1591 SHAKES. Two Gent. II. iii. 37 Thy Master is ship'd, and thou art to post after with oares.
1598
-- Merry W. IV. ii. 128 You are not to goe loose any longer, you must be pinnion'd.
1887 'L. CARROLL' Game of Logic i. §1. 9 What, then, are you to do?

And CGEL distinguishes among six uses of be (p. 113):

i She was a lawyer.
[copula be]
ii She was sleeping peacefully.
[progressive be]
iii They were seen by the security guard.
[passive be]
iv You are not to tell anyone.
[quasi-modal be]
v She has been to Paris twice already.
[motional be]
vi Why don't you be more tolerant?
[lexical be]

The be in iv is called "quasi-modal" because it

has clear semantic affinities with the central modal auxiliaries, and syntactically it resembles them in ... [that] it can't appear in a secondary form: *I resent being not to tell anyone, *The meeting had been to be chaired by the premier. It lacks all the other modal auxiliary properties, however; it has agreement forms, it takes an infinitival with to, it can't occur in a remote apodosis, and its preterities do not occur with the modal remoteness meaning.

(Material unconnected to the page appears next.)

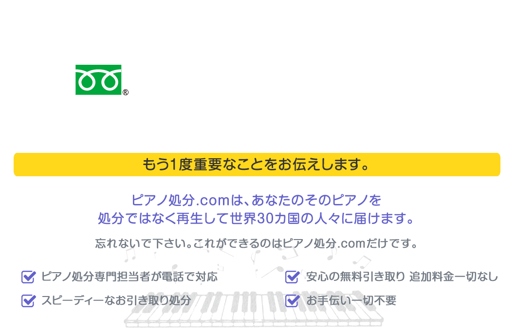 家にあるピアノといえば壁に沿って設置するアップライト型のピアノが一般的でしたが、最近では電子ピアノに移り変わり、置き場所や移動に困る昔ながらのピアノは減る傾向があります。 墨田区内でも同様に昔ながらの木製ピアノは少なくなっていますが、子供が小さいころにピアノを習い始め購入したけれでも成長に伴いピアノ教室をやめてしまい、未だに何十年も使わなくなってしまったピアノが置き去りになっているご家庭が多いようです。 ピアノは約250キロもあり一般の方には運べる重さではないため、専門の業者による搬出が必要となります。 使っていないのから処分したいけれども、ピアノを処分する方法がわからず何十年もそのままになっている模様 墨田区ではアップライトピアノやグランドピアノの処分を行っていません。補助金などの制度もありません。墨田区では50キログラム以内の電子ピアノであれば、大型家電と同じ扱いとなり、粗大ごみとして回収ができますが、アップライトピアノやグランドピアノは対象外となります。自ら専門のピアノ引き取り業者へ依頼する必要があります。 墨田区の粗大ごみについてのHP https://www.city.sumida.lg.jp/kurashi/gomi_recycle/kateikei/gomi_dashikata/sodaigomi.html 自分で運び処分しようとすると約250キロもあるピアノは一般の方には運べる重さではないため、ピアノ運搬を専門とする業者による搬出が必要となります。ピアノは外装は木でできていますが、中身は金属の塊のため廃棄できる場所は限られていますし、もし譲りたい場合は譲る相手やピアノ運搬専門の業者も探さなければなりません。様々なことを考慮するとピアノ処分の専門業者に任せた方が良いでしょう。 墨田区内のピアノの引き取りはピアノ処分.comが行っています。 概ね40年位前までのヤマハとカワイのピアノを無料で引き取りしています。 ピアノ処分.com TEL 0120‐696‐800 受付時間:9時~20時 年中無休 ※多くのピアノを受け入れられるよう努めておりますが、一部機種・状態・搬出状況によりお引取りできない場合もあります。まずはお電話にてご相談ください。 ヤマハ・カワイ以外のピアノと電子・電気ピアノのお引き取りは行っていません。 一般家庭に多い縦型のアップライトピアノは約250kgあります。 ピアノなど重量物の運搬は、重いものを運ぶ特殊な訓練を受け、場合に応じた搬出用の道具を使って行います。 一般の方が何人集まっても持ち上げられる重さではありませんし、持てる場所も限られているため運んでいる途中に手を滑らせピアノの下敷きになってしまったら骨折では済まされません。 もしピアノを倒してしまえば、家の床や壁を破損してしまいます。ピアノが壊れてしまうだけでなく、家の破損した箇所も大工さんに修復を依頼しなければなりません。 木製のピアノはデリケートなため、少し傾けただけでピアノの部品が割れ歪んでしまう可能性があります。ペダルや足元のローラーの部分も折れやすく割れやすい部品です。 ピアノの運搬を行えるピアノ引取りの専門業者でないと運搬作業は困難かと思われます。ピアノ処分を専門に行っている業者でない場合は、運搬に失敗し思わぬトラブルに巻き込まれる場合もあります。 墨田区内でもピアノを専門としない廃品業者へピアノの引取りを依頼した際の、ピアノを運び出す際に家を傷つけてしまったといったトラブルが想定されます。 ピアノ処分.comではお客様に安心して頂けるように毎日ピアノを運んでいる専門スタッフにてお伺いさせていただいております。 ピアノ処分でお困りの際はお気軽にお問い合わせください。 墨田区内の全域でお伺いできます 両国 錦糸町 押上 曳舟 東向島 鐘ヶ淵 小村井 東あずま 曳舟 八広 本所吾妻橋 菊川 ピアノ処分でお困りの際はお気軽にお問い合わせください。 墨田区内のピアノの引き取りはピアノ処分.comが行っています。 概ね40年位前までのヤマハとカワイのピアノを無料で引き取りしています。 ピアノ処分.com TEL 0120‐696‐800 受付時間:9時~20時 年中無休 ※多くのピアノを受け入れられるよう努めておりますが、一部機種・状態・搬出状況によりお引取りできない場合もあります。まずはお電話にてご相談ください。 ヤマハ・カワイ以外のピアノと電子・電気ピアノのお引き取りは行っていません。 インターネットで検索するとたくさんの片づけ専門業者や廃品回収業者が出てきます。数ある業者の中から選ぶというのも難しいかと思います。 一番のポイントは安全に自宅から運び出しができるかどうかを確認することです。 ピアノの重さは家庭用大型冷蔵庫3台分です。タンスや仏壇、冷蔵庫を運んだ事があるからできるというレベルの重さではありません。一般の方が運ぼうとした際の一番多いトラブルは搬出の時に家を傷つけてしまうことです。 しかし、業者に依頼してもきちんとした業者を選ばないと家の中が傷だらけになるなどのトラブルに遭うこともあるので、ピアノの引取り業

So I guess the right terminology would be something like "quasi-modal be with an infinitive of obligation", though this may redundantly ascribe to be and to the responsibility for a single construction type.

[In the CC comments section, Jimmy says that

Thel should have said "you weren't to open those until we got home,"which is a usage of the Past Future Perfect Laudatory Declamatory Tense Twice Removed...

and Scipio tries heroically to assimilate it to Latin:

I think what you're searching for is "negative future passive participle", specifically,
"tibi non aperturum est donec domi revenerimus."
"it's not to be opened by you until we shall have returned home."

]

[Jonathan Lundell wrote to object that

No, quasi-modal be in The Hunchback of Notre Dame.